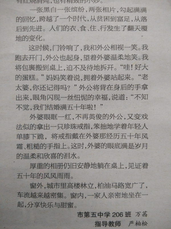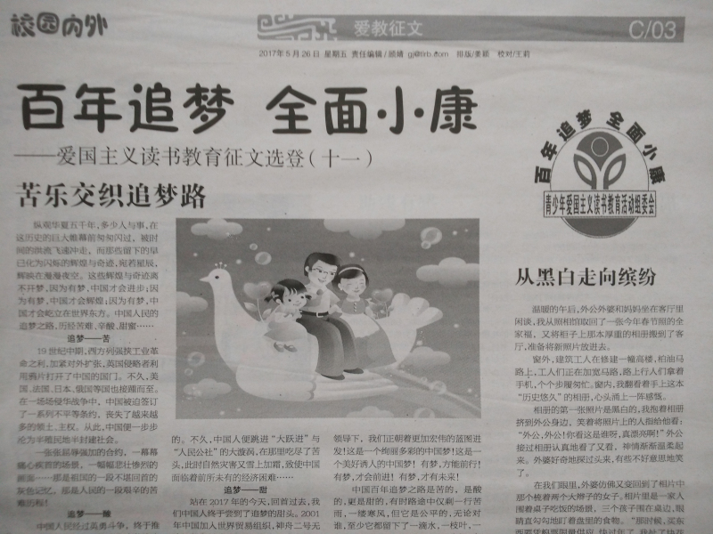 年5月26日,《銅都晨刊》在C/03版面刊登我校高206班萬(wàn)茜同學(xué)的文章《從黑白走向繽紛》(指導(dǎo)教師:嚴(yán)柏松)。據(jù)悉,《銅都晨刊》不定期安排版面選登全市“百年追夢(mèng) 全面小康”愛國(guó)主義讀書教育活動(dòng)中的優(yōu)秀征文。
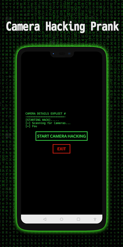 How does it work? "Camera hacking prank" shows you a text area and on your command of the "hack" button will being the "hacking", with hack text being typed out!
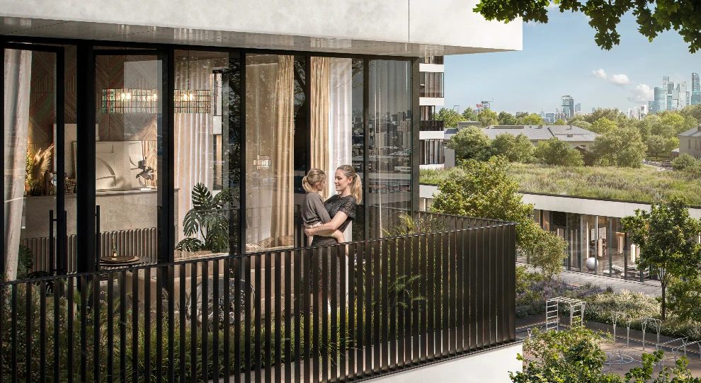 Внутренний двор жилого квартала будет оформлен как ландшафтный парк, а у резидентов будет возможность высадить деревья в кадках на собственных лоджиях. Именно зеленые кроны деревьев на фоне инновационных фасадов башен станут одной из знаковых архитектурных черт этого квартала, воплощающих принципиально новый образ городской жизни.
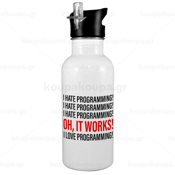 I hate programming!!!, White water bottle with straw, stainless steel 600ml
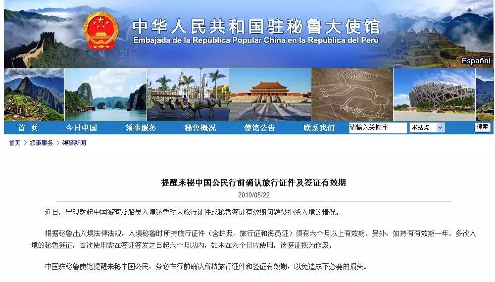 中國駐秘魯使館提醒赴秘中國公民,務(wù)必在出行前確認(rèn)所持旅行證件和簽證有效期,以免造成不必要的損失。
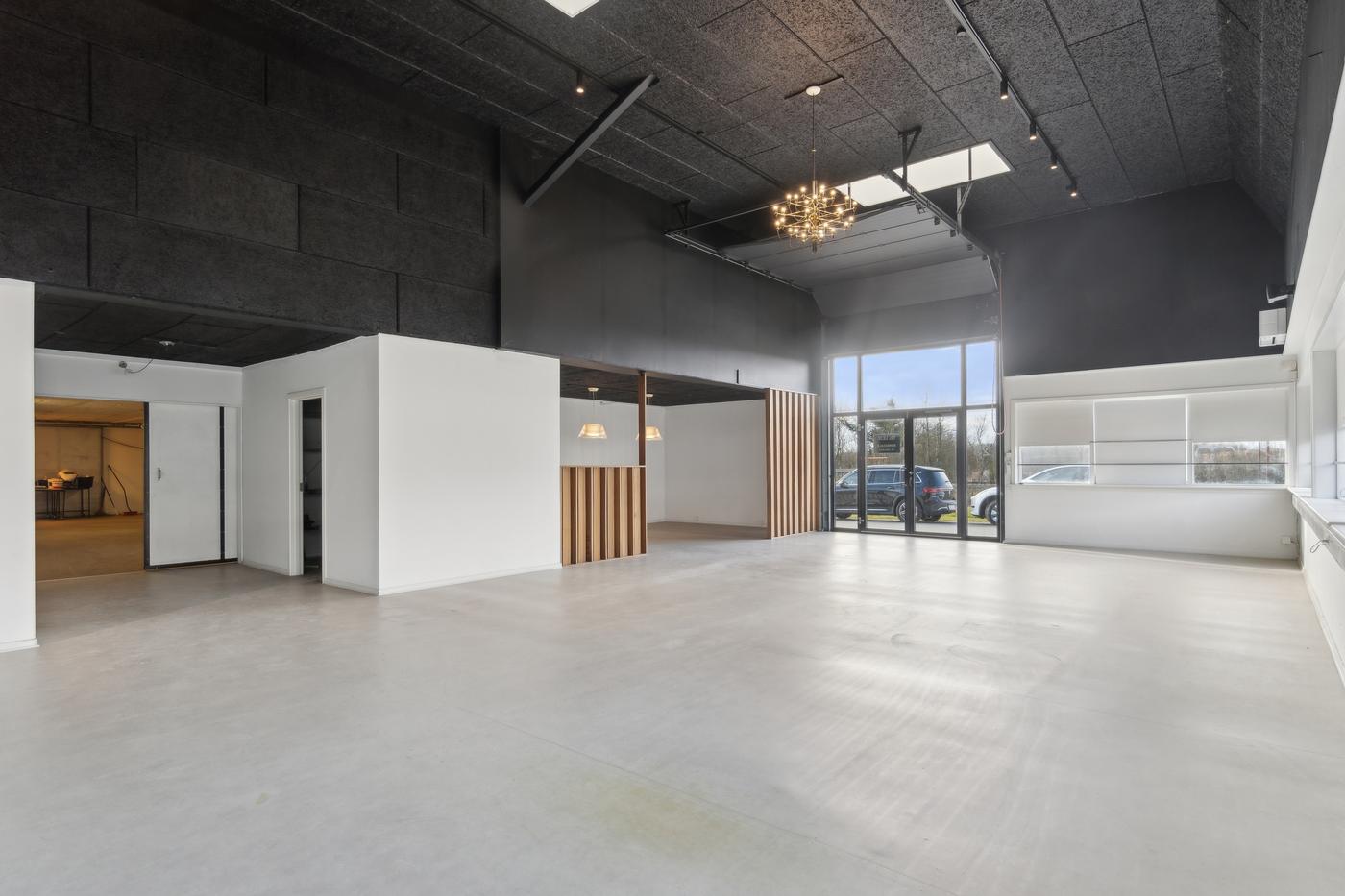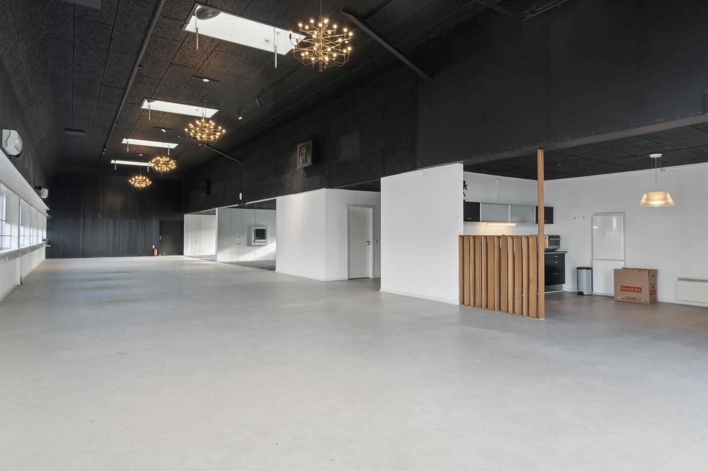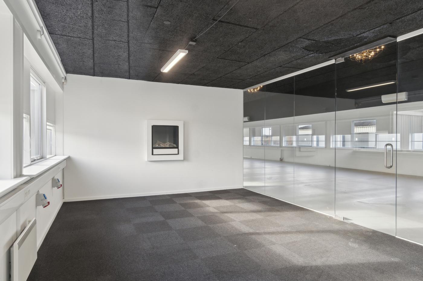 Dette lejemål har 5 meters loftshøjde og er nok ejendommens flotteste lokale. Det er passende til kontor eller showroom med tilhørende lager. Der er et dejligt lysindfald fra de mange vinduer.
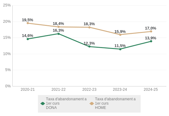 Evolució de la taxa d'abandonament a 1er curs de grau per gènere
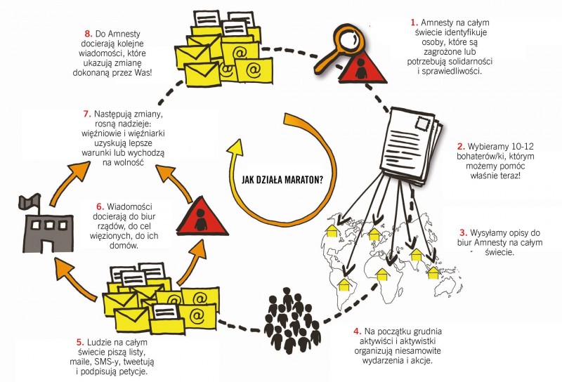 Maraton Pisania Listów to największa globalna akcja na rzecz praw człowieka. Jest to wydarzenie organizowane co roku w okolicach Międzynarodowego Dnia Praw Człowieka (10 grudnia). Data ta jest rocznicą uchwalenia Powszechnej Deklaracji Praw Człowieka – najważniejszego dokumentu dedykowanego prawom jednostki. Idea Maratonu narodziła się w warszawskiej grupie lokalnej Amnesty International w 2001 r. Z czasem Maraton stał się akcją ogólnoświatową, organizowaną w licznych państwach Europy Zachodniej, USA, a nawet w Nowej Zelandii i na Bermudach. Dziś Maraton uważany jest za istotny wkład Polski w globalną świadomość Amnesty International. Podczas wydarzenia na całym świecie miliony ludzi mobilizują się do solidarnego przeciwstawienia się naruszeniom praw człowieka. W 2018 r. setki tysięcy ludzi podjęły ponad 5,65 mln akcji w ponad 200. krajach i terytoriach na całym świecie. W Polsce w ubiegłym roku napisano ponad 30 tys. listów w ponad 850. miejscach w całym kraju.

══════════════════════════════

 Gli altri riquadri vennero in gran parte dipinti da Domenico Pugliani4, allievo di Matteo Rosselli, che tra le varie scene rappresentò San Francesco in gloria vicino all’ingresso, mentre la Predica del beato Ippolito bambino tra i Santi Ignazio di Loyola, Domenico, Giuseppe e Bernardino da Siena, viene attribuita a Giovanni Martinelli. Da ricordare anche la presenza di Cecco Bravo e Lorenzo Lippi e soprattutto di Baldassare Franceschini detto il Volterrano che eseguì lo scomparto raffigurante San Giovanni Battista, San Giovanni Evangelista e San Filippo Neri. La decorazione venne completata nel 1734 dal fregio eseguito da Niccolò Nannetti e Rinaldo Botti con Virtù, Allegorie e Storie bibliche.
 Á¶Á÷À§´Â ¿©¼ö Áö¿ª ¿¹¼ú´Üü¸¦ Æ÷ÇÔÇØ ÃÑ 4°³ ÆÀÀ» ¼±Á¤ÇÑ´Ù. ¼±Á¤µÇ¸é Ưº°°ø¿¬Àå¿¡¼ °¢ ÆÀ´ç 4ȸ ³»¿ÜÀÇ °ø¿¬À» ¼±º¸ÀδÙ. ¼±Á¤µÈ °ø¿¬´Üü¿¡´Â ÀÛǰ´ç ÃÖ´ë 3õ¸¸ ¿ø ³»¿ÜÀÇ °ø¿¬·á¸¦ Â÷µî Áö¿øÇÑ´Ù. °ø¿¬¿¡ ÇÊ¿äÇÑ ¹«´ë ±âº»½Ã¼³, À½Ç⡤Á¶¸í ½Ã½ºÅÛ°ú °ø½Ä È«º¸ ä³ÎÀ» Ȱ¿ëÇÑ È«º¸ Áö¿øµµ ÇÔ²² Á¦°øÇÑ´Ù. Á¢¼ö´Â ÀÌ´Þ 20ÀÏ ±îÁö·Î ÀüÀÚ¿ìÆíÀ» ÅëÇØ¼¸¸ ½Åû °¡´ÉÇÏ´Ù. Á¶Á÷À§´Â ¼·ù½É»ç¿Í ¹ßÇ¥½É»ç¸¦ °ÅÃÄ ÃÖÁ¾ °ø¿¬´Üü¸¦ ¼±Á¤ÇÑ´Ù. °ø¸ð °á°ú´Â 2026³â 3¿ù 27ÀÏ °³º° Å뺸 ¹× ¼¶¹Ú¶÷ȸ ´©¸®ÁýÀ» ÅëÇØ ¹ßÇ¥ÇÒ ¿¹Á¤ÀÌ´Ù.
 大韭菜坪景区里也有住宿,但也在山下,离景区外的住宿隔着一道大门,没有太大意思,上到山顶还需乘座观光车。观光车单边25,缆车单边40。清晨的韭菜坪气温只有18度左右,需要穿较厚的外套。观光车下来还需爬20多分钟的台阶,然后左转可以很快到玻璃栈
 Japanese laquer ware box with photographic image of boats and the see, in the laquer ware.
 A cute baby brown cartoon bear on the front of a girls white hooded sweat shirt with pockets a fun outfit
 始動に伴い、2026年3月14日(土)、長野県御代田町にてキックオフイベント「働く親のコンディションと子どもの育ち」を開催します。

══════════════════════════════

▶ [WORK ORDER]: Print, exactly, each line above from the one with "I hate programming!!!, White" to the one with "中國駐秘魯使館提醒赴秘中國公", end lines included. Leave pictures out of it.

▶ [RESULT BELOW]:
 I hate programming!!!, White water bottle with straw, stainless steel 600ml
 中國駐秘魯使館提醒赴秘中國公民,務(wù)必在出行前確認(rèn)所持旅行證件和簽證有效期,以免造成不必要的損失。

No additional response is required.